#100DaysOfCode in Python Transcripts
Chapter: Days 97-99: Building JSON APIs
Lecture: Implementing the game-status method
0:00 Next up, let's implement game status.
0:03 So, if we're in Postman, we can pull this up, check.
0:06 I would get the details for this game
0:09 that actually doesn't even exist.
0:10 Okay, so we have a little bit of work to do.
0:12 Now, on a couple of these going forward,
0:16 I'm going to take some code and just put it in here.
0:18 I'm not against typing it out as you guys
0:20 can probably tell, I'd love to do that for you.
0:22 But there's times when it's just not really worth
0:26 you watching me write these details,
0:27 'cause we really already computed this,
0:29 but we need to change the way which we're computing it
0:33 because we can't store the state between
0:35 rounds in a particular game like we did before.

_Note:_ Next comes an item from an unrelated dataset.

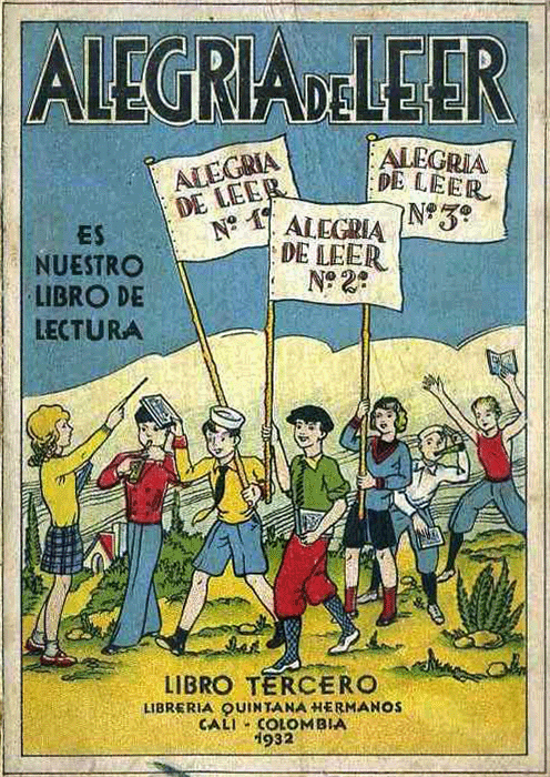 Un mundo desconocido se abría ante nuestros ojos; un mundo lleno de promesas, de conocimiento que apenas podíamos intuir. Bebíamos historias edificantes, con un espíritu amoroso y con clara intención educativa. Todo, gracias al libro rector, el libro ilustrado con dibujos sencillos de colores planos. En su portada, un grupo de niños llevaba ondeante el tricolor colombiano.

0:37 So we got to go back to the database and compute it.
0:39 It's kind of clumsy.
0:41 If we change our data model, we could do
0:43 this much more simply, but remember one
0:46 of my goals is to actually not change
0:47 the data model, 'cause I think that's adding too much.
0:51 This is going to be a little bit less pretty,
0:52 but let's have a look.
0:56 And when we ask for the game status,
0:57 we want to give several pieces of information.
1:00 Is the game over, what moves were there?
1:04 What players were involved in the game?
1:07 And, who won the game if the game is over?
1:11 So, here, we're grabbing, up here we have
1:14 the history, these are all the moves played.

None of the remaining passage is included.